---------- Input records

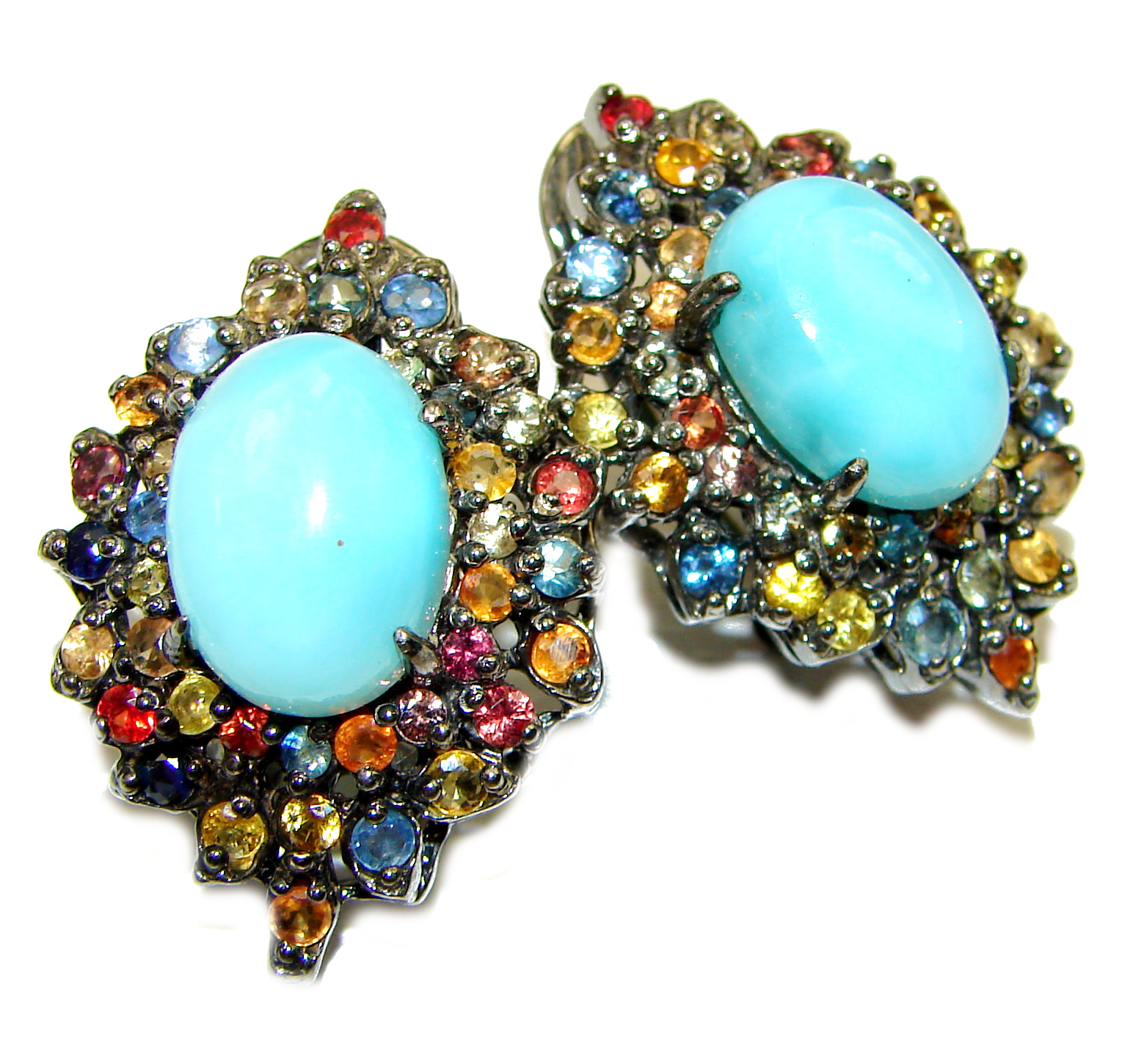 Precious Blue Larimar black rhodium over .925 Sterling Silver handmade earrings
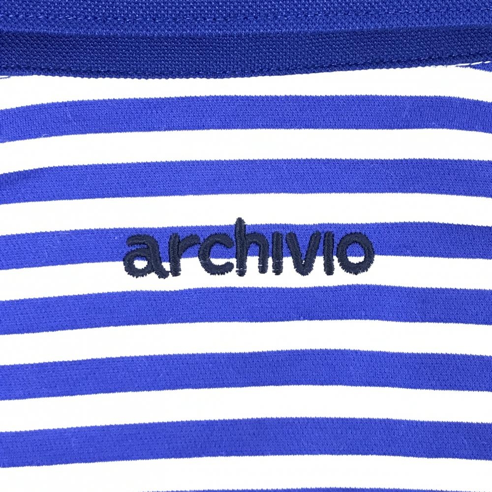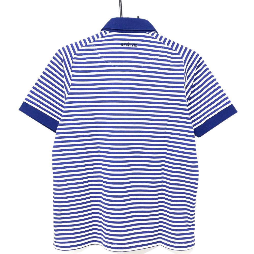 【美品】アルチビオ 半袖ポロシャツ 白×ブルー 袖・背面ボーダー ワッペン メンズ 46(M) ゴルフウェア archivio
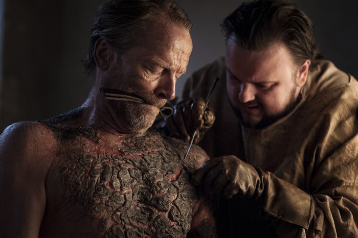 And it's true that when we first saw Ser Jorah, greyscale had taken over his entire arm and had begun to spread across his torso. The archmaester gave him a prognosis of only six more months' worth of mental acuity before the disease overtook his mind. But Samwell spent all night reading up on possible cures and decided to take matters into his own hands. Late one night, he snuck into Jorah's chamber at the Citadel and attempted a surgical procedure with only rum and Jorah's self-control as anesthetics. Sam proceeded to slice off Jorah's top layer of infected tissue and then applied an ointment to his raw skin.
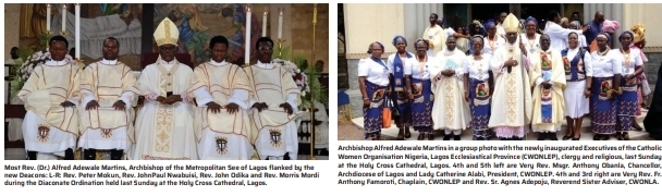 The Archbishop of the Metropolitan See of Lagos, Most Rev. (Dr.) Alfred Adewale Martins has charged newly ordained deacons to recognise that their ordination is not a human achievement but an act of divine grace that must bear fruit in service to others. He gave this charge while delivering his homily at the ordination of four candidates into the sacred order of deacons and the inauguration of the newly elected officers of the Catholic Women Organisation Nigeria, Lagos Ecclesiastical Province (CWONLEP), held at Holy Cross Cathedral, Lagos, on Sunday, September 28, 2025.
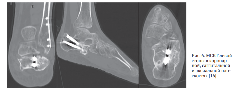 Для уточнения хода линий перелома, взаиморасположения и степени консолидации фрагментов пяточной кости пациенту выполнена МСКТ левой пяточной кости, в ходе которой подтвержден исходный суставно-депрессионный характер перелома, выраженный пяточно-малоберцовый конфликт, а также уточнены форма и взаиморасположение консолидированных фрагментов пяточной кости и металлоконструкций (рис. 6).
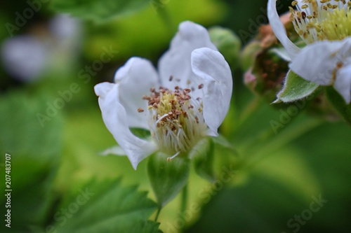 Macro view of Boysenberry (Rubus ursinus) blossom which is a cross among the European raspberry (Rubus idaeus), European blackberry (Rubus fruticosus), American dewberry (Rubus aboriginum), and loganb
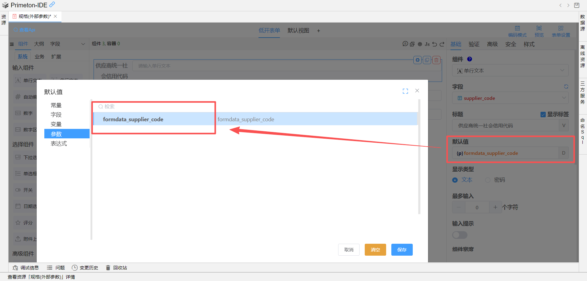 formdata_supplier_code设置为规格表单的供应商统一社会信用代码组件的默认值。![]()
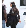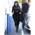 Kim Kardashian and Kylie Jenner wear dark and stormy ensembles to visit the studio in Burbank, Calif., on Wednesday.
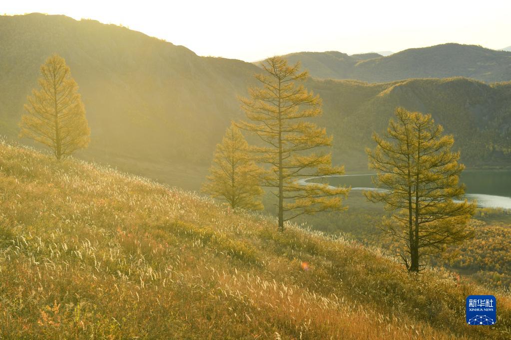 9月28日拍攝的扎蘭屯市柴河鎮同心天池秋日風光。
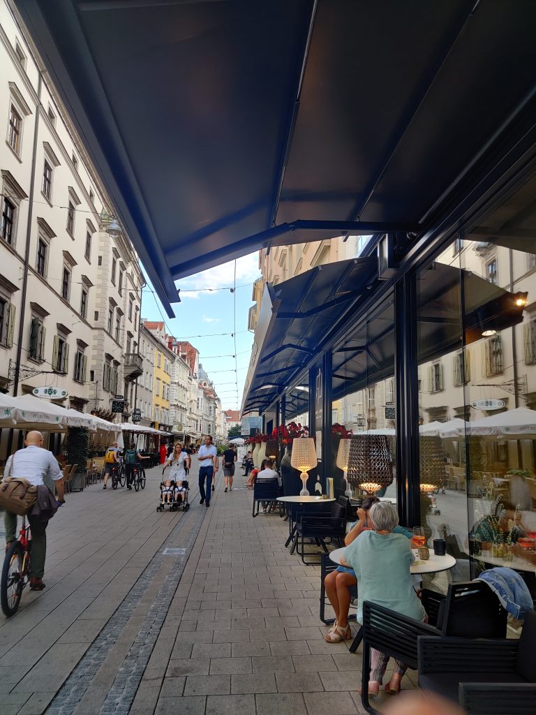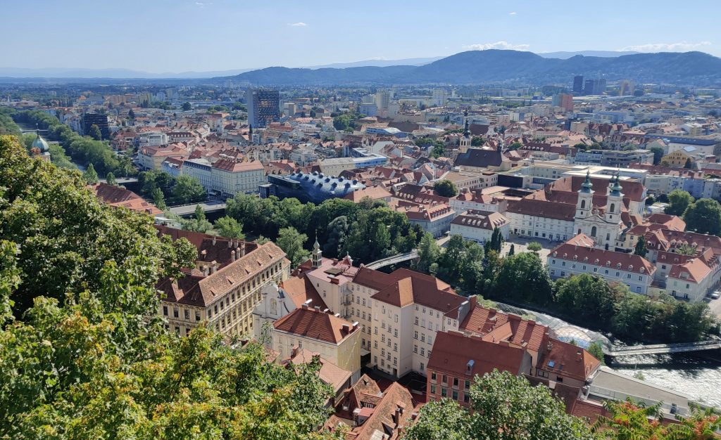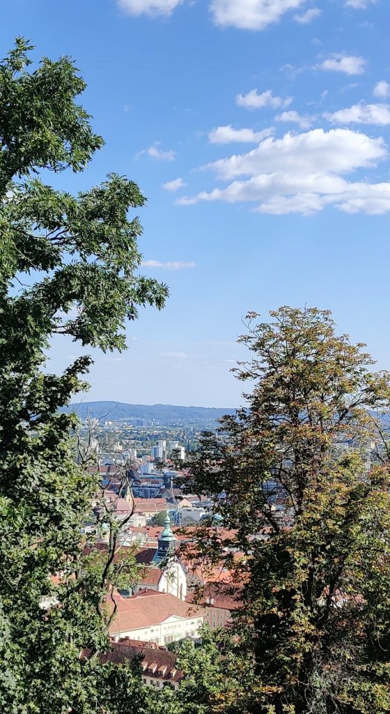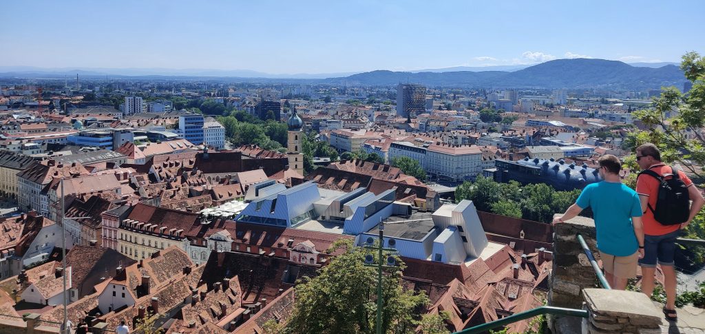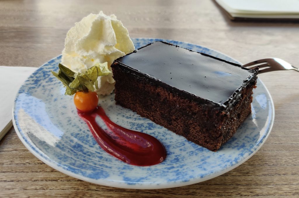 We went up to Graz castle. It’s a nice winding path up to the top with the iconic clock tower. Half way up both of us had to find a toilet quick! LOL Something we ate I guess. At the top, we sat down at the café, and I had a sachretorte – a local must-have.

--------------------

** Problem to work on **
I'd like the data above duplicated exactly, with no pictures included.

** The answer **
 Precious Blue Larimar black rhodium over .925 Sterling Silver handmade earrings
 【美品】アルチビオ 半袖ポロシャツ 白×ブルー 袖・背面ボーダー ワッペン メンズ 46(M) ゴルフウェア archivio
 And it's true that when we first saw Ser Jorah, greyscale had taken over his entire arm and had begun to spread across his torso. The archmaester gave him a prognosis of only six more months' worth of mental acuity before the disease overtook his mind. But Samwell spent all night reading up on possible cures and decided to take matters into his own hands. Late one night, he snuck into Jorah's chamber at the Citadel and attempted a surgical procedure with only rum and Jorah's self-control as anesthetics. Sam proceeded to slice off Jorah's top layer of infected tissue and then applied an ointment to his raw skin.
 The Archbishop of the Metropolitan See of Lagos, Most Rev. (Dr.) Alfred Adewale Martins has charged newly ordained deacons to recognise that their ordination is not a human achievement but an act of divine grace that must bear fruit in service to others. He gave this charge while delivering his homily at the ordination of four candidates into the sacred order of deacons and the inauguration of the newly elected officers of the Catholic Women Organisation Nigeria, Lagos Ecclesiastical Province (CWONLEP), held at Holy Cross Cathedral, Lagos, on Sunday, September 28, 2025.
 Для уточнения хода линий перелома, взаиморасположения и степени консолидации фрагментов пяточной кости пациенту выполнена МСКТ левой пяточной кости, в ходе которой подтвержден исходный суставно-депрессионный характер перелома, выраженный пяточно-малоберцовый конфликт, а также уточнены форма и взаиморасположение консолидированных фрагментов пяточной кости и металлоконструкций (рис. 6).
 Macro view of Boysenberry (Rubus ursinus) blossom which is a cross among the European raspberry (Rubus idaeus), European blackberry (Rubus fruticosus), American dewberry (Rubus aboriginum), and loganb
 formdata_supplier_code设置为规格表单的供应商统一社会信用代码组件的默认值。![]()
 Kim Kardashian and Kylie Jenner wear dark and stormy ensembles to visit the studio in Burbank, Calif., on Wednesday.
 9月28日拍攝的扎蘭屯市柴河鎮同心天池秋日風光。
 We went up to Graz castle. It’s a nice winding path up to the top with the iconic clock tower. Half way up both of us had to find a toilet quick! LOL Something we ate I guess. At the top, we sat down at the café, and I had a sachretorte – a local must-have.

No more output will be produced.